その後の色んな情報を見聞きしたところでは、二次試験においても白書は読んで置いた方がいいらしい。よし、騙されたと思って勉強してみよう。といっても白書そのものではなく、「日本マンパワー」から出された『中小企業白書の概要』をテキストとして。なぜならページ数が少ないから。

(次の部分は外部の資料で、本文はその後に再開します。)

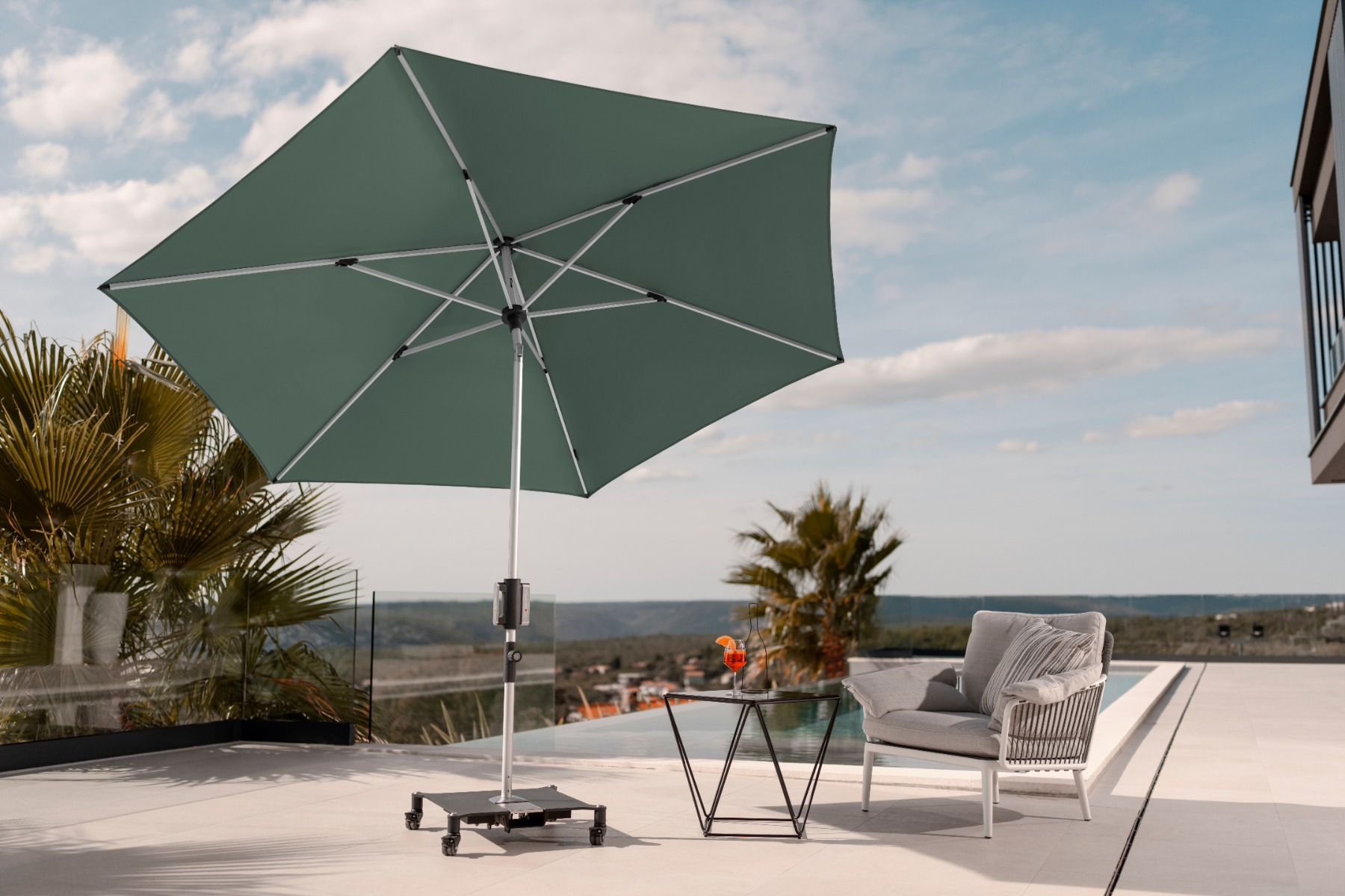 Le parasol à mât central Apoll 240 x 240 a reçu la distinction « Special Mention » du German Design Award pour ses performances remarquables en matière de design.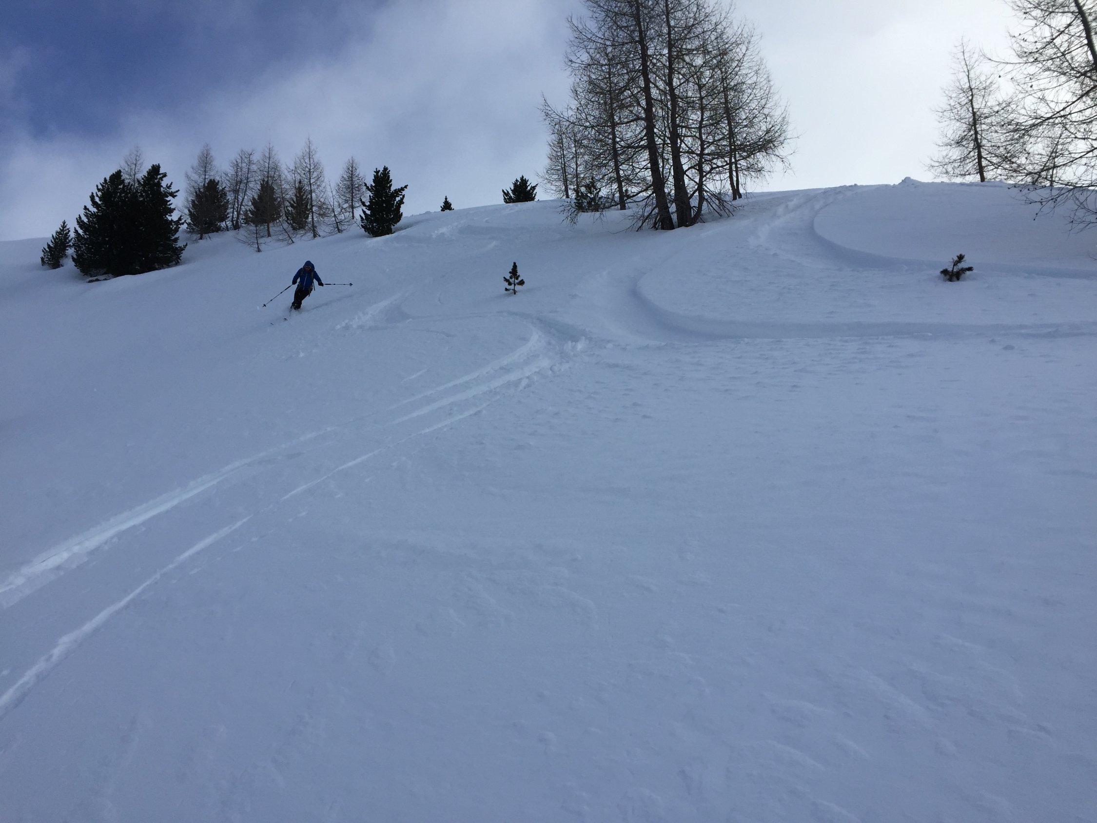 Die unteren Hänge und der Forstweg bis zur Galleralm sehr ausgefahren. Weiter Richtung Hochrast ist die Tour gut eingespurt und der noch sehr schöne Pulver in den nordseitigen Hängen hat auch schon einiges an Publikumsverkehr gesehen. Zwischen den lichten Baumständen hat es jedoch noch reichlich Platz für eigene Kurven.

http://www.amazon.co.jp/gp/product/4822002128/sr=1-2/qid=1165234272/ref=sr_1_2/250-9606872-3561047?ie=UTF8&s=books

それはそうと、合格発表もされていないのにTACから合格祝賀パーティの案内が来た。模擬試験やら直前ゼミの受講を通じて、私が個人情報を提供したからだろう。しかし会場は、東京・大阪のみ。名古屋はないのか・・・。来年は参加してみようかなー。

試験勉強開始

本日より、来年の中小企業診断士試験合格に向けて、本格的に試験勉強を開始した。

今年は何とか一次試験に合格、二次試験の合否発表はまだではあるが(12/8発表)、合格の可能性は限りなく低い事から、来年合格に向けて早くも始動したと言う訳である。一次試験合格者は、来年に限り一次試験は免除されるが、今回二次試験が不合格だとまた初めからやり直しになってしまう。一次試験の膨大な暗記すべき項目を考えると、何とか次回には二次試験を突破してしまいたい。確率論で言うと、約15,000人の受験者数に対し合格者数は毎年700人弱、わずか5%未満の狭き門ではあるが、確率論ではなく実力さえつければ合格するわけなので、何とか実現してゆきたい。

手始めに開始したのが、一次試験の過去問題。二次試験ではそんなに細かな知識は問われず、その応用力が問われるのだが、そうは言ってもやはり基礎が大切、ということでここから始める事に。ただし経済学・法務・中小企業政策は直接関係なさそうなので除外、それ以外の科目について一通り回答してみた。結果は以下のとおり(正答数/問題数)。

企業経営理論:67点

財務・会計:76点

運営管理:46点

新規事業開発 :75点

経営システム:57点
一次試験では、平均60点以上で合格、ただし40点未満が一つでもあると不合格(60点以上の科目についてのみ合格)。細かな知識・暗記力が問われる問題はともかく、初めて解いた問題の割りに意外と出来たな、というのが率直なところ。二次試験の勉強を通じて、基本的な理解度は高まった、というところだろうか?まあ、安心ばかりしていられないので、解説をしっかり読み込んで、しっかりと自分のものにしてゆこう。